┏━━

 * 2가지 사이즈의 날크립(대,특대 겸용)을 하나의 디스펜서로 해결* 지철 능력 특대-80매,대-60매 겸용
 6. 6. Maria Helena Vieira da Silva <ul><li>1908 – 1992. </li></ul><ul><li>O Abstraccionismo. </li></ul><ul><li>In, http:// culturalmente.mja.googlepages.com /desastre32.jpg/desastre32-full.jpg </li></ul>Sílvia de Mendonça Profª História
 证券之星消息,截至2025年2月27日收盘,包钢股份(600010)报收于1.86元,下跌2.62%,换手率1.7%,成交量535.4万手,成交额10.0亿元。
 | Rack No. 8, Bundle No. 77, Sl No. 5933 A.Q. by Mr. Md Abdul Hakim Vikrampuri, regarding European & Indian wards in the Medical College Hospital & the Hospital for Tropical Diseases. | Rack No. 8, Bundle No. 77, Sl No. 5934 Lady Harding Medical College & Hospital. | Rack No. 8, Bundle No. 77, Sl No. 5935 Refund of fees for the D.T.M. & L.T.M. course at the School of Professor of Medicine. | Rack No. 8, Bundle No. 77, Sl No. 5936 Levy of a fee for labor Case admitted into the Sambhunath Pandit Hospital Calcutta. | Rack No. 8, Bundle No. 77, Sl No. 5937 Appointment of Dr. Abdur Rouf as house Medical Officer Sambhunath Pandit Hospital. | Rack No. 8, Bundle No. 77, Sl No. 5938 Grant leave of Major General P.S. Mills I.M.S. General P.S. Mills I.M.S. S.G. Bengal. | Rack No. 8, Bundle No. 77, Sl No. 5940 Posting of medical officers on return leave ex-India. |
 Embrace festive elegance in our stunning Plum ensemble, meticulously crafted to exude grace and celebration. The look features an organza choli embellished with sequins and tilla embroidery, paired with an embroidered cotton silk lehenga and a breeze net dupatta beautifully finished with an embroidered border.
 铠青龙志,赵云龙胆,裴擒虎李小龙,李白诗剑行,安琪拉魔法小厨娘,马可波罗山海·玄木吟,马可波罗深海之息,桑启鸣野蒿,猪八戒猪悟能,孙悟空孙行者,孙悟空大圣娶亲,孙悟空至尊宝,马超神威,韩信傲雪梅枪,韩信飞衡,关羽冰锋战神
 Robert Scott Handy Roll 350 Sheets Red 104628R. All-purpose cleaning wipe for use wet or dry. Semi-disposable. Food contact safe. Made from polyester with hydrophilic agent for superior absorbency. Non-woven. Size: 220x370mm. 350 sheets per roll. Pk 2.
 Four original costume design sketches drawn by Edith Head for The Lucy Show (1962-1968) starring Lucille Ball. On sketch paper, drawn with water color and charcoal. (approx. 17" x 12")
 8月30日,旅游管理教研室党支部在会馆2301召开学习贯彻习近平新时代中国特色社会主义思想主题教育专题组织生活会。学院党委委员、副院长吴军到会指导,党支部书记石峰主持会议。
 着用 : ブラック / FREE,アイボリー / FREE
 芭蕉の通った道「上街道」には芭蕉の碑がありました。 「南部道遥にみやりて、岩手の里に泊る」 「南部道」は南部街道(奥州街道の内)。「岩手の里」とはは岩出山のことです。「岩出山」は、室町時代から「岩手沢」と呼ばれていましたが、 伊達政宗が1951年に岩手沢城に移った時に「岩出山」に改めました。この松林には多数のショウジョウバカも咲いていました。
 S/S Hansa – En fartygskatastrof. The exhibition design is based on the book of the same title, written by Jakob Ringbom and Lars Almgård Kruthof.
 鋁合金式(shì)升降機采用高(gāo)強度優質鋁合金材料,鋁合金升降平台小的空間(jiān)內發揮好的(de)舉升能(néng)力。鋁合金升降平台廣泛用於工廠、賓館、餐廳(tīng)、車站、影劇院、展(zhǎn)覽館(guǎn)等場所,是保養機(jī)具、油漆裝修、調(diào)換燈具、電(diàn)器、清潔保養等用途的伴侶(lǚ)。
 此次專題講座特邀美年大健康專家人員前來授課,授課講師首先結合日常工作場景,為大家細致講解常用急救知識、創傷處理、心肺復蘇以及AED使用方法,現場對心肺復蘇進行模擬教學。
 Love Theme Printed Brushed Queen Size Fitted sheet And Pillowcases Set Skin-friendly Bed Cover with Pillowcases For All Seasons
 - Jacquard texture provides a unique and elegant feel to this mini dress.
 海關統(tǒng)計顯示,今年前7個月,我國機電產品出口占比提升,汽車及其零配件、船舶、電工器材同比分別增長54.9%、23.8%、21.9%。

┗━━

WHAT YOU HAVE TO DO. Retrieve every line above holding the word "design".

FINISHED TASK.
 Four original costume design sketches drawn by Edith Head for The Lucy Show (1962-1968) starring Lucille Ball. On sketch paper, drawn with water color and charcoal. (approx. 17" x 12")
 S/S Hansa – En fartygskatastrof. The exhibition design is based on the book of the same title, written by Jakob Ringbom and Lars Almgård Kruthof.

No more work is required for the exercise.